The lady raised her eyebrows at me. I held up the piece of paper.
“What does this mean?”
“It’s a chant.”
I waited for more elaboration, and when it didn’t come I pressed on.
“Okay, but what does it mean?”
“It’s something we all say together.”
Did she think I was stupid? I pressed her further.
“I know what a chant IS, but what does this one MEAN?”
She looked at me, annoyed.
“Just go along with it, okay?” With that, she got up in a huff and disappeared. My fellow fish-out-of-water and I exchanged “WTF?” looks. But before we could find another adult, or my friend who drove me for that matter, someone’s voice rose up in a song I couldn’t understand, and the chant lady shushed all of us. I think there were drums. I was nervous. What the hell was this? This wasn’t in “The Craft”.
Matt looked like I felt, and I leaned over to talk to him in a low voice.
“Dude, this is messed up.”
He chuckled and nodded in agreement. Blueprints for our escape began to form in my head.
“Do you have a car?”
Matt shook his head and whispered that one of the older adults told him about this thing, and he thought it was a party so he let her drive him.
The chant lady turned around and “SSHHHHH!!”ed at us. It was then I remembered that my mom, never not concerned with my safety, let me take her cellular phone – an electronic brick with a pull out antenna that her boss gave her.
“Hey, you wanna’ get out of here?”
“Yeah, let’s go.”
With that, we dipped out of the picnic pavilion, which was now filled with the voices of the mysterious chant, maybe drums, and we climbed the hill up to Lake Rd. and called my mom.
“Dude, what the hell was that?” I said, looking down the road for the slowing headlights and turn signal of my mom’s car.
“I dunno, I thought we were going to get possessed or some shit.”
We laughed and did the customary, “Where do you go to school?”, “Oh, do you know this person?”, “Yeah he’s my cousin. Hey, did you hear the new Chemical Brothers?” thing. I learned that he loved rap. As a metalhead, I didn’t hold that against him.

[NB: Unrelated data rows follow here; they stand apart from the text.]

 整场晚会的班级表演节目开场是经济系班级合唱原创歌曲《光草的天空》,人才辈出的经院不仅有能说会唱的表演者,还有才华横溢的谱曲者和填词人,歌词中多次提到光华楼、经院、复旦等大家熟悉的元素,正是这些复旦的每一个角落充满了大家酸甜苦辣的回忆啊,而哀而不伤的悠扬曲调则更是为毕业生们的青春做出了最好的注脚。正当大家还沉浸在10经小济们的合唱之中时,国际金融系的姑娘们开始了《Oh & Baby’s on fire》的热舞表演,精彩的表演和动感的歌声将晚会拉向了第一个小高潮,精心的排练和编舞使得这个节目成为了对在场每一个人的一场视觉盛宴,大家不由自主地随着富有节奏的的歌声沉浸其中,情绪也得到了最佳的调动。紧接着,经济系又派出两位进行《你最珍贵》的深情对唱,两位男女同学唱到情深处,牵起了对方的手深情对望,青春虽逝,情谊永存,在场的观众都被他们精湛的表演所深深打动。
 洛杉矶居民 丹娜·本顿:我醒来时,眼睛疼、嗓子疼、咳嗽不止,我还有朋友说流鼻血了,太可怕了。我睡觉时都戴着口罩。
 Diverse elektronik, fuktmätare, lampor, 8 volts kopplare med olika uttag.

My mom arrived, and he thanked her for saving his life.
So began my friendship with Matt.
After high school, he’d occasionally pop up, usually around Halloween. We would go to haunted houses, fall shows with Type O Negative and Rob Zombie, and watch horror movies.

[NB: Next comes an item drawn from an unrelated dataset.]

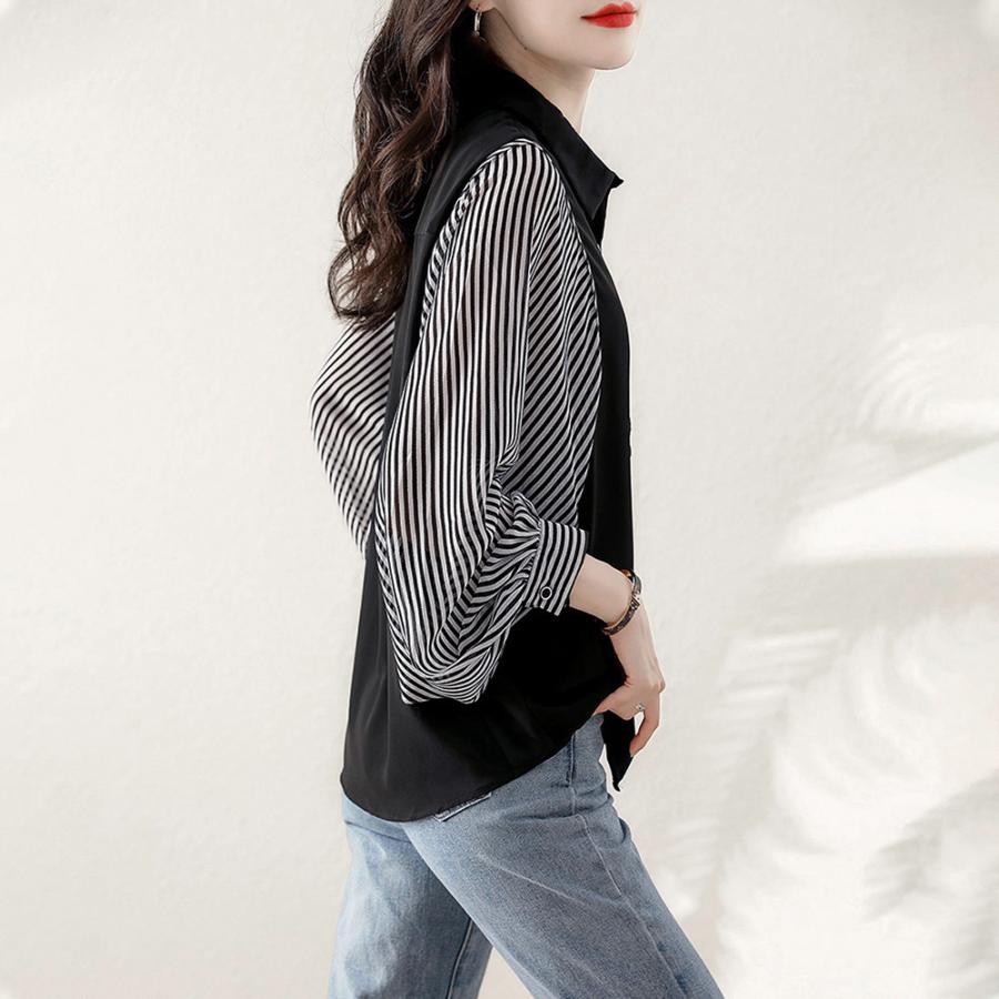 ゆったり ストライプ柄 ブラウス 袖切り替え オフィスカジュアル トップス 大人女性 おしゃれ ブラウス着やせ 通勤大人
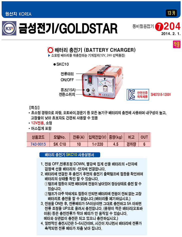[±Ý¼º] ¹èÅ͸® ÃæÀü±â(SKC10, 12/24V¼±ÅÃÃæÀü, 10Amps)(Battery Charger)

Matt was a quiet, thoughtful guy, but if he felt connected to someone his conversations were a gift. Ever the night owl, Matt had a knack for keeping me engaged in such conversation all night until dawn, or when my body could not stay conscious any longer, whichever came first.

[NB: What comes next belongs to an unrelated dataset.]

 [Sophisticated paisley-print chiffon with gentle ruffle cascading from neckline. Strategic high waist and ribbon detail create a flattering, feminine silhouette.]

“Sleep is overrated,” he’d say.
I never minded this. Matt was funny and intelligent, artistic and humble, and I loved talking to him.
As the years passed, I lost touch with him completely. Then one autumn evening, I was 29 and just moved into my apartment in Lakewood when there was a knock at my front door. Thinking it was a little late for the Jehovah’s Witnesses, I opened it.
Standing there was my old friend Matt Tate, holding a jar of something I can’t remember and smiling.
I grabbed him into a hug, followed by a, “I just moved in, how the hell did you know where I lived?”
“I didn’t! I saw someone just moved in next to my wife and me, and I wanted to welcome them to the neighborhood. I had no idea it was you!”
He explained that he and his wife lived in the building directly next to mine, and if I opened the blinds to my bedroom, I would see his living room.
That night, because his wife was gone somewhere and he was bored, he invited me over to his place since mine was full of boxes. Matt’s living room was vibrant with the bright colors of his artwork, the curves of his nudes and the sharpness of his more macabre work. I was happy to see his collection included one painting he did back when we were kids filled with orange and blue swirls that I always loved. Our friendship just picked up where we left off, and once again we talked nonstop until about 5am, when my body grew limp in his recliner.
Many years later, when I settled into my place in Düsseldorf, I was trying to find Halloween decorations in a country that favors Christmas, and thought of Matt. I found him on social media and sent a friend request with a message. Unfortunately, I never heard anything back. Now I wish I had been more persistent.
Matt, I don’t know how you left us, but what I do know is there is so much less beauty in the world without you.